El sin techo se llevó la mano a la nariz oscurecida por la suciedad y manchada de rojo por el cáncer de piel. Su mano continuaba presa del temblequeo de alcohólico y le brillaba la frente, recubierta en un sudor rancio que le pegaba al cráneo mechones de cabello gris.

– No tenía mala intención, yo -dijo-. ¿Acaso no somos todos hijos de Dios bajo su inmenso techo? Si me ayudas ahora, ¿acaso no vendrá Dios a ayudarte en un momento de necesidad? -Señaló al cielo.

Susan no le quitaba ojo.

– Puede que sí -contestó- y puede que no.

El hombre pasó por alto su sarcasmo y siguió insistiendo, con una cadencia rítmica en la voz, como si los pensamientos que se arremolinaban tras su locura fueran agradables.

– ¿Acaso no nos espera Cristo a todos más allá de esas nubes? ¿No nos dejará beber de su cáliz y nos dará a conocer el auténtico júbilo, haciendo desaparecer todas nuestras penas mundanas en un instante?

Susan permaneció callada.

– ¿Es que no están por llegar sus milagros más grandes? ¿No volverá Él a esta tierra algún día para llevarse a todos y cada uno de sus hijos con sus grandes manos a las puertas del paraíso?

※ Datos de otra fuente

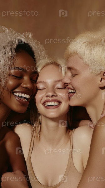 Портрет крупным планом трех молодых женщин, смеющихся. Сияющая кожа, естественная красота, разнообразие и связь, запечатленные в теплом и радостном выражении

El hombre le sonrió a Susan, mostrándole sus dientes picados. Tenía los brazos cruzados sobre el pecho, como si acunase en ellos a un niño, meciéndolo adelante y atrás.

– Ese día llegará. Para mí. Para ti. Para todos sus hijos en la tierra. Sé que ésta es la verdad.

Susan advirtió que el hombre había vuelto la mirada hacia arriba, como si estuviera dirigiendo sus palabras al cielo de un azul excepcional sobre su cabeza. Su voz había perdido la aspereza de la enfermedad y la desesperación, que habían cedido el paso a la jovial euforia de la fe. «Bueno -pensó ella-, si uno tiene que vivir engañado, las fantasías de este hombre al menos son benignas.» Con cautela, metió la mano izquierda en el bolso y rebuscó hasta dar con un par de monedas sueltas que llevaba en el fondo. Las sacó y se las tiró al hombre. Cayeron y tintinearon sobre la acera, y él arrancó rápidamente la vista del cielo y la bajó para buscarlas en el suelo.

– Gracias, gracias -dijo el hombre-. Que Dios te bendiga.